= THE TASK =
Retype the entries exactly, but skip the pictures.

= RAW DATA =
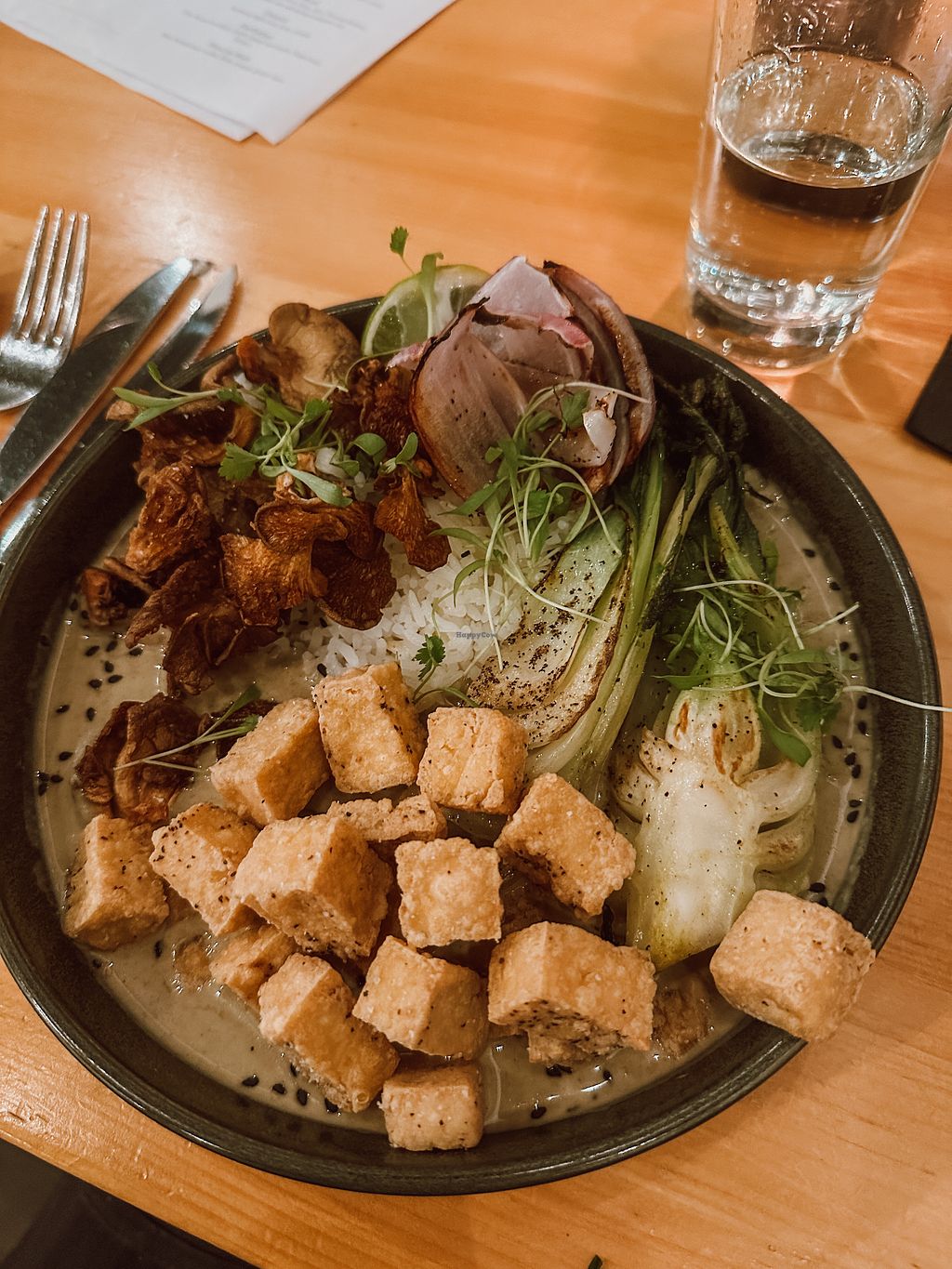 Hubby and I visited tonight for a date and were so pleased. We got the Korean fried broccoli (so stinking delicious) as an appetizer. Hubby got the vegan chick'n served with carrot slaw and turnip cake (so flavorful!). I got the mushroom risotto which also had truffle and arugula (so umami). We will be back to try other things as well and there are some differences to the lunch menu so we will try that menu out as well soon! The waitress was very accommodating to us being vegan. No complaints.
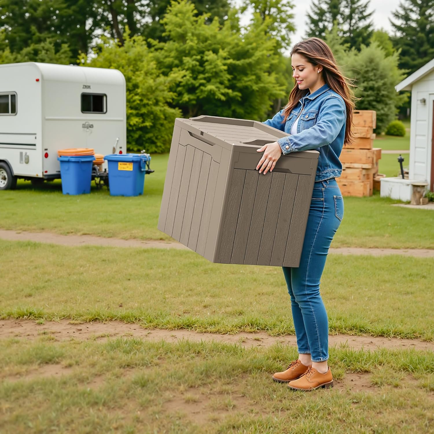 • Light & Solid: Made of a high density resin material, it is stable, waterproof and UV resistant. The net weight of this deck box is only 8.8 pounds
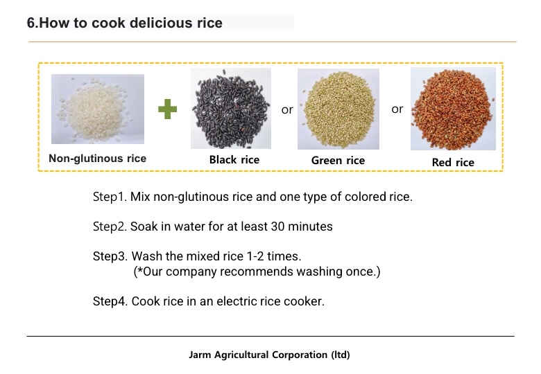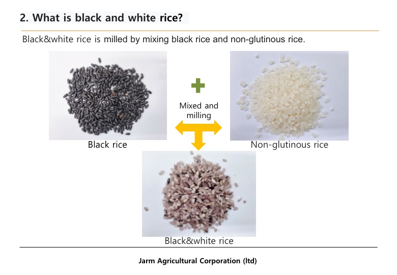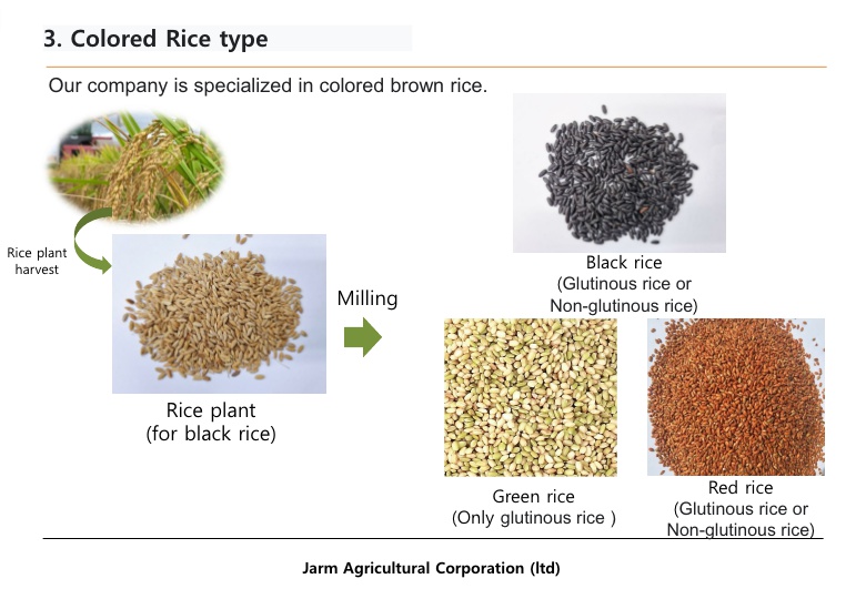 Who are we? Well, Jarm Agricultural Corporation (Ltd) is a company specializing in black rice and colored brown rice in South Korea.
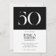 Modern minimalist 50th birthday invitation featuring simple design with elegant chic typography in black and white colour.
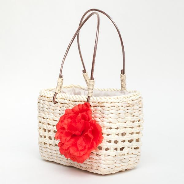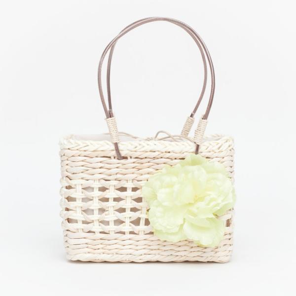 木の風合いが夏の雰囲気にとても合うかごバッグ。口元は括れる様に内側に巾着が貼られており、可愛い花のチャームがアクセントになっています。カジュアルな着物や浴衣には勿論、洋装にも合性が良さそうです。
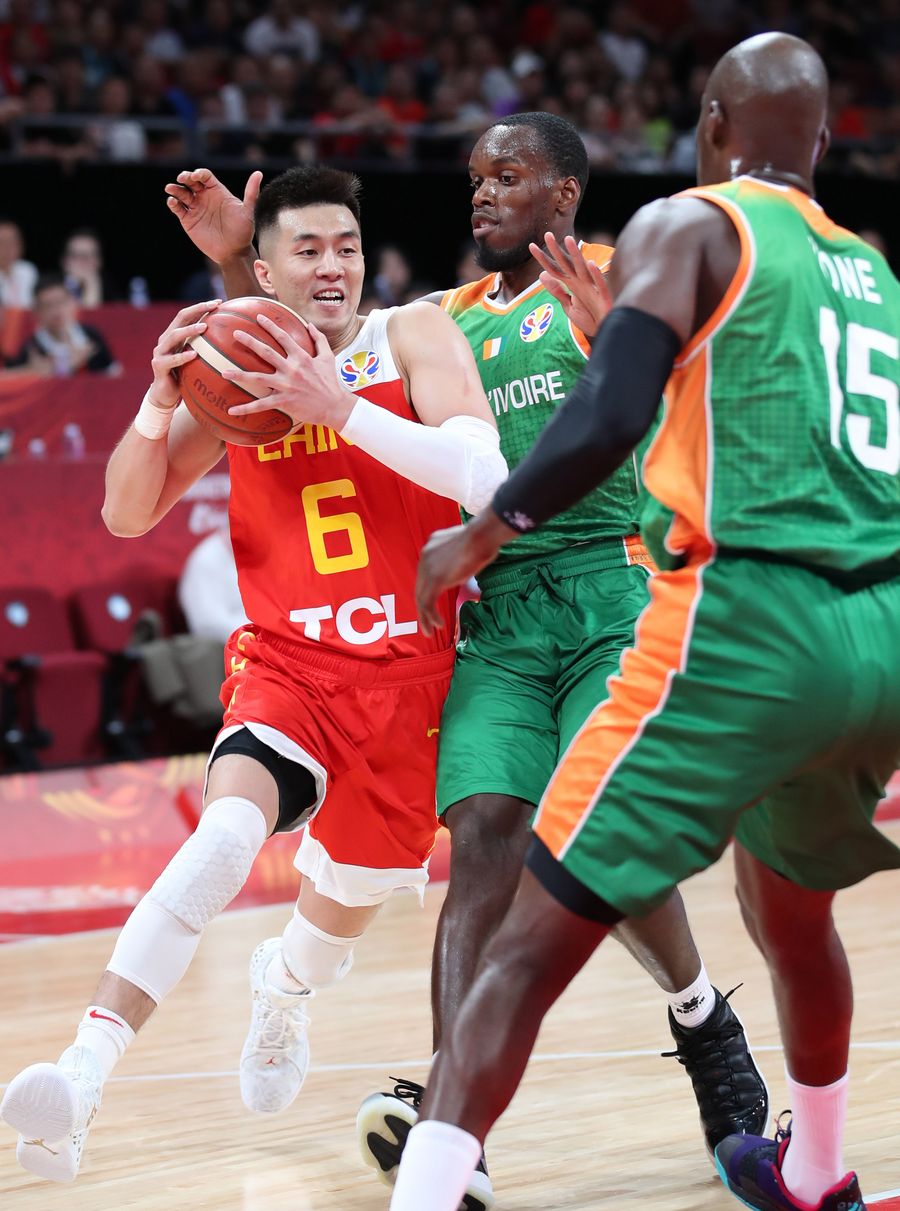 Guo Ailun (L) of China competes during the group A match between China and Cote d'Ivoire at the FIBA Basketball World Cup 2019 in Beijing, on Aug. 31, 2019. (Xinhua/Meng Yongmin)
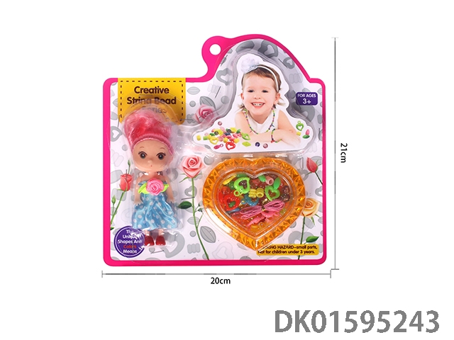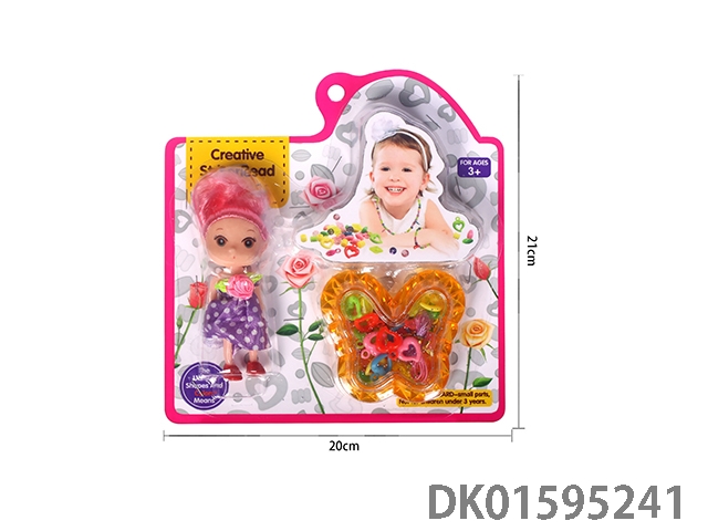 公仔、黄色桃心形珠盒DIY串珠玩具套装片装

= TASK RESPONSE =
 Hubby and I visited tonight for a date and were so pleased. We got the Korean fried broccoli (so stinking delicious) as an appetizer. Hubby got the vegan chick'n served with carrot slaw and turnip cake (so flavorful!). I got the mushroom risotto which also had truffle and arugula (so umami). We will be back to try other things as well and there are some differences to the lunch menu so we will try that menu out as well soon! The waitress was very accommodating to us being vegan. No complaints.
 • Light & Solid: Made of a high density resin material, it is stable, waterproof and UV resistant. The net weight of this deck box is only 8.8 pounds
 Who are we? Well, Jarm Agricultural Corporation (Ltd) is a company specializing in black rice and colored brown rice in South Korea.
 Modern minimalist 50th birthday invitation featuring simple design with elegant chic typography in black and white colour.
 木の風合いが夏の雰囲気にとても合うかごバッグ。口元は括れる様に内側に巾着が貼られており、可愛い花のチャームがアクセントになっています。カジュアルな着物や浴衣には勿論、洋装にも合性が良さそうです。
 Guo Ailun (L) of China competes during the group A match between China and Cote d'Ivoire at the FIBA Basketball World Cup 2019 in Beijing, on Aug. 31, 2019. (Xinhua/Meng Yongmin)
 公仔、黄色桃心形珠盒DIY串珠玩具套装片装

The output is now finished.